The peculiarity or defining paradox of the US political economy today is this. Unlike in the past, when it was an ascending power both in the economic and military senses, the world’s largest economy now finds itself in a phase of historical decline (measured in terms of share of world GDP, trade and manufacture, etc) but continues to be the lone, unchallenged military superpower. It relies on the second aspect to counteract the first, using the military muscle to grab and control oil, gas and other natural resources. This is why the US economy perforce remains predominantly a war economy, where arms and ammunitions, war technology and post-war reconstruction fetch endless contracts and profits for the country and its corporations. There is a subtle change, however: the traditional model of military-industrial complex has been upgraded, in this era of financial capital, to what an analyst aptly called Pentagon-Wall Street economy, where Wall Street bankers control a lion’s share of war industries. But this model can sustain itself only on a rapidly rising national debt which is required to finance huge military expenditure, to compensate for revenue losses caused by huge tax cuts and other concessions to the corporation’s and rich individuals, and lately, for bailing out greedy, reckless financial institutions in crisis.

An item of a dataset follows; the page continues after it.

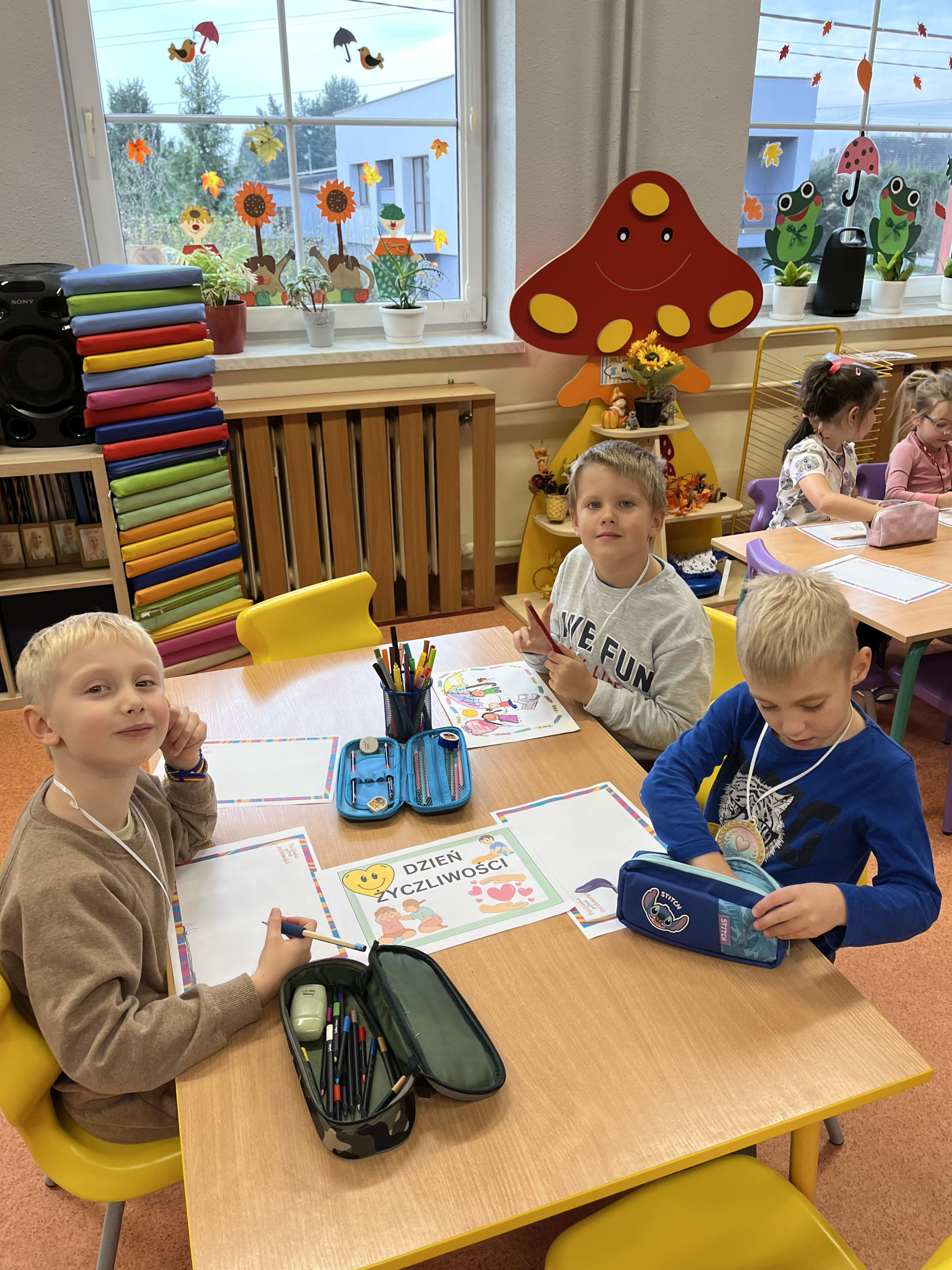 Dzień Życzliwości obchodzimy 21 listopada jako Światowy DzieńŻyczliwości i pozdrowień, święto promowane przez organizacje na całym świecie jako apel o pokój, dobre uczynki, pozytywne emocje i wzajemny szacunek, przypominające, że drobne gesty uprzejmości, jak uśmiech czy miłe słowo, mogą odmienić czyjś dzień. Dzieci z oddziału Żabek również uczciły ten dzień. |

The towering mountain of debt can be managed so long as the national currency of America is accepted as the international currency and US Government securities are trusted as the safest investment option. This trust has received a body blow from the recently displayed “political brinkmanship and reduced financing flexibility” – as Fitch put it -- and a likely repetition next year will erode it further. And that is really ominous for America. As state-run Chinese news agency Xinhua commented, the deal “was no more than prolonging the fuse of the U.S. debt bomb one inch longer.”

In a way the recent turmoil in the corridors of power showcases a prolonged struggle between two historical tendencies: financial profligacy or excessive sovereign (and also private) borrowing to augment/maintain private profit and macroeconomic growth versus attempts to control it through a series of legislation starting from the Second Liberty Bond Act of 1917. Dilemma over this trade-off between borrowed prosperity and financial discipline is likely to flare up again and again in various forms in the years to come. And when that happens in the Mecca of capitalism, surely that means something for the world economic order.